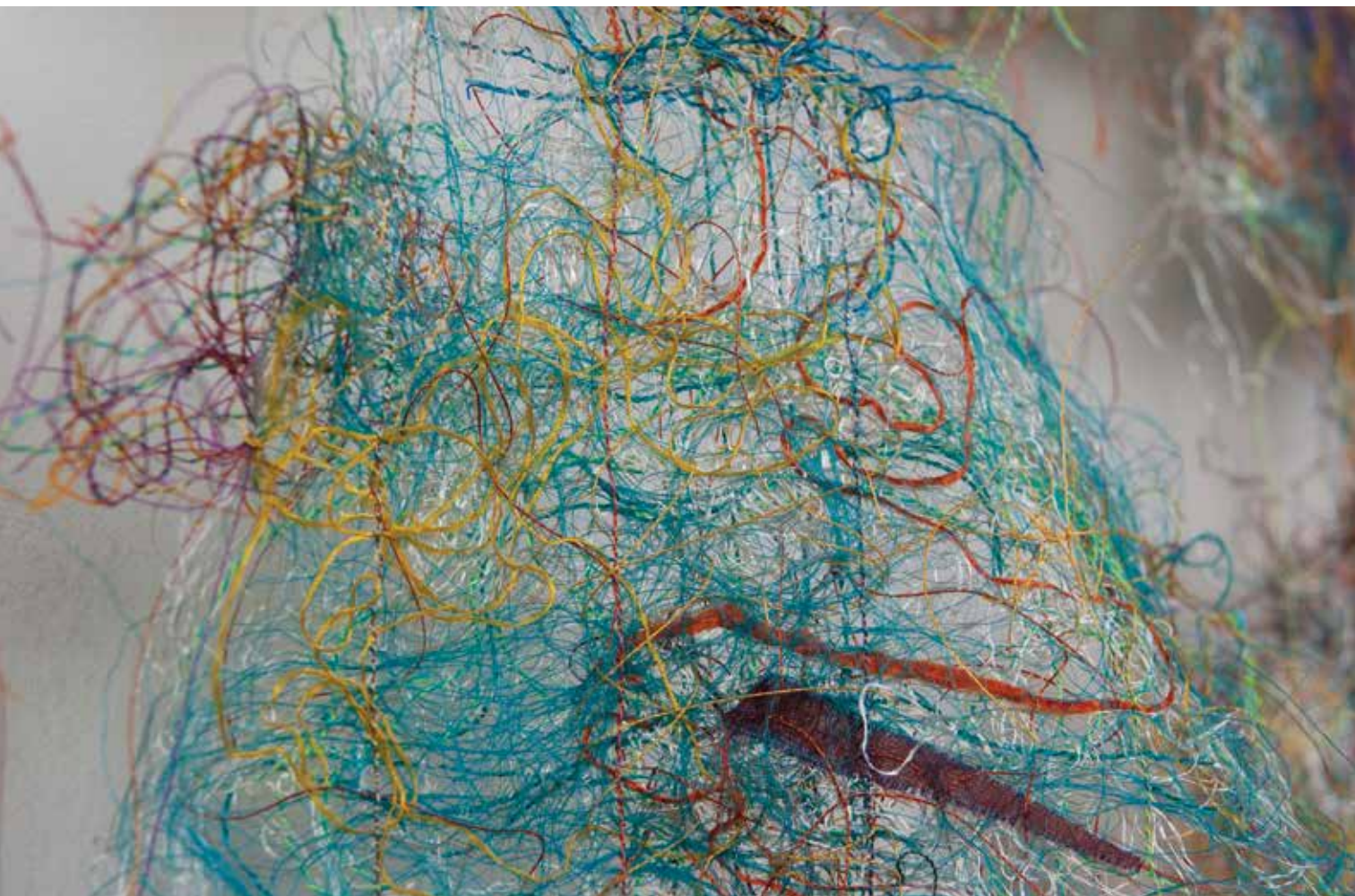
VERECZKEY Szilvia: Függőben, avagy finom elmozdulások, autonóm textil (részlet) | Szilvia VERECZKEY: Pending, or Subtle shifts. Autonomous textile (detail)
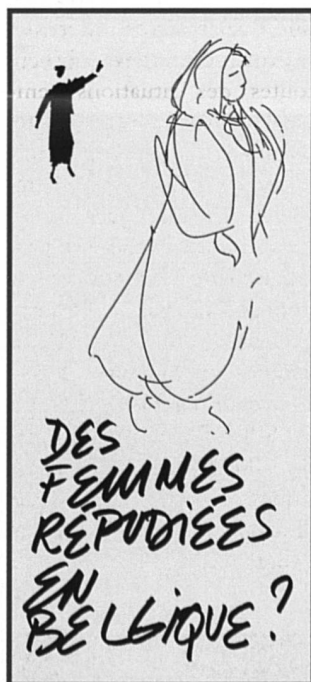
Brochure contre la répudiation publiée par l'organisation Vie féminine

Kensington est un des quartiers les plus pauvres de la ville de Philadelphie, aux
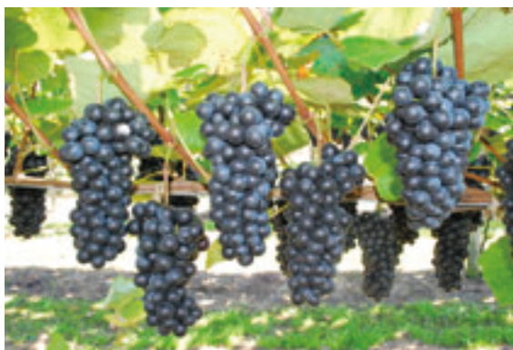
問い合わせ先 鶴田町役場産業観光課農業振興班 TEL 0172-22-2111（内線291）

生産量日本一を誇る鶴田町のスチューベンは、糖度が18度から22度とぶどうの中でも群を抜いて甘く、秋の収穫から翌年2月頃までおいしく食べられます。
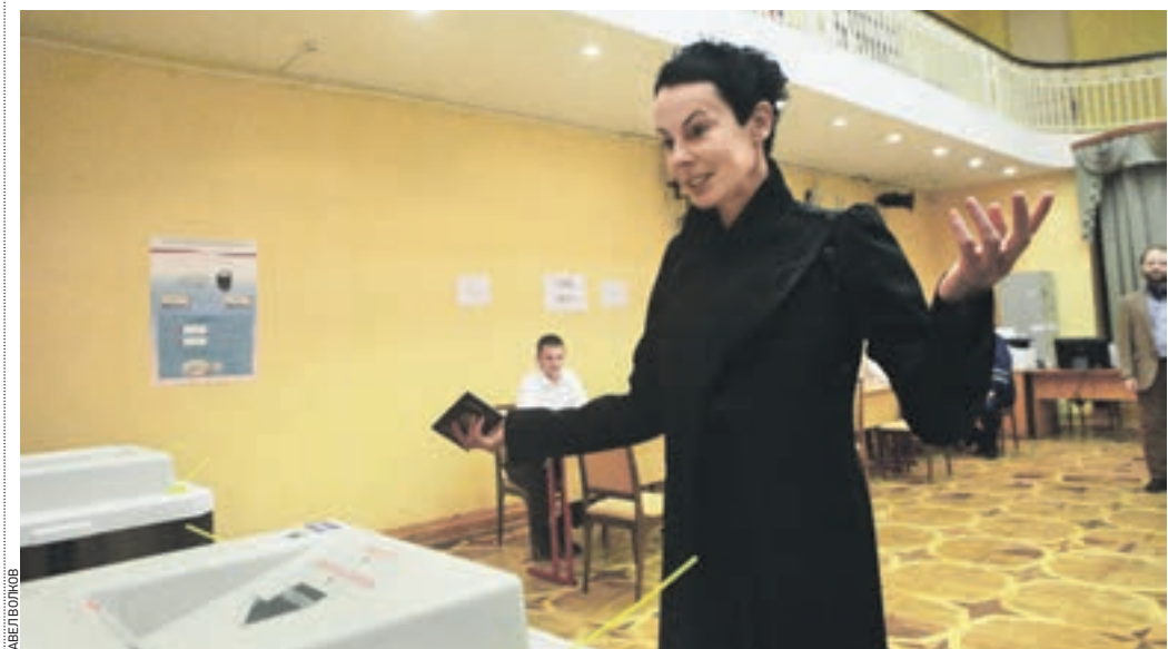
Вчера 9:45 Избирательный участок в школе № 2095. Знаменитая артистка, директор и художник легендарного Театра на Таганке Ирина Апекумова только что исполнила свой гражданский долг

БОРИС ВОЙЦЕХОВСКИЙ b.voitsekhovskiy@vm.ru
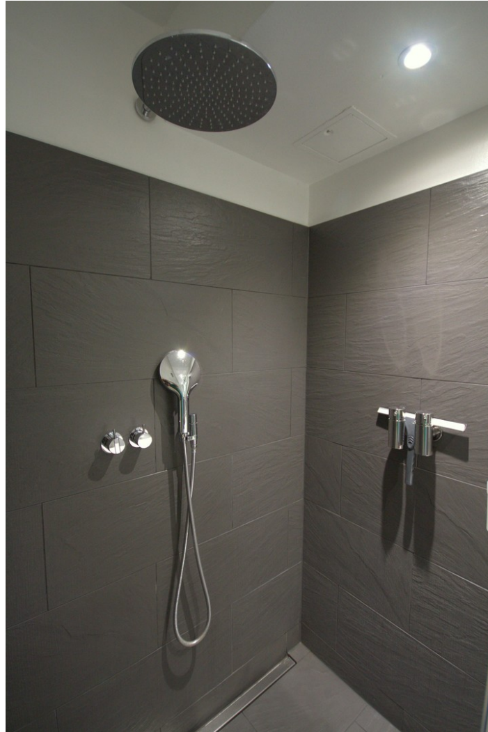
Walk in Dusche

> WHAT THE TASK REQUIRES
Return all the material exactly, pictures excluded.

> EXERCISE ANSWER
VERECZKEY Szilvia: Függőben, avagy finom elmozdulások, autonóm textil (részlet) | Szilvia VERECZKEY: Pending, or Subtle shifts. Autonomous textile (detail)
Brochure contre la répudiation publiée par l'organisation Vie féminine

Kensington est un des quartiers les plus pauvres de la ville de Philadelphie, aux
問い合わせ先 鶴田町役場産業観光課農業振興班 TEL 0172-22-2111（内線291）

生産量日本一を誇る鶴田町のスチューベンは、糖度が18度から22度とぶどうの中でも群を抜いて甘く、秋の収穫から翌年2月頃までおいしく食べられます。
Вчера 9:45 Избирательный участок в школе № 2095. Знаменитая артистка, директор и художник легендарного Театра на Таганке Ирина Апекумова только что исполнила свой гражданский долг

БОРИС ВОЙЦЕХОВСКИЙ b.voitsekhovskiy@vm.ru
Walk in Dusche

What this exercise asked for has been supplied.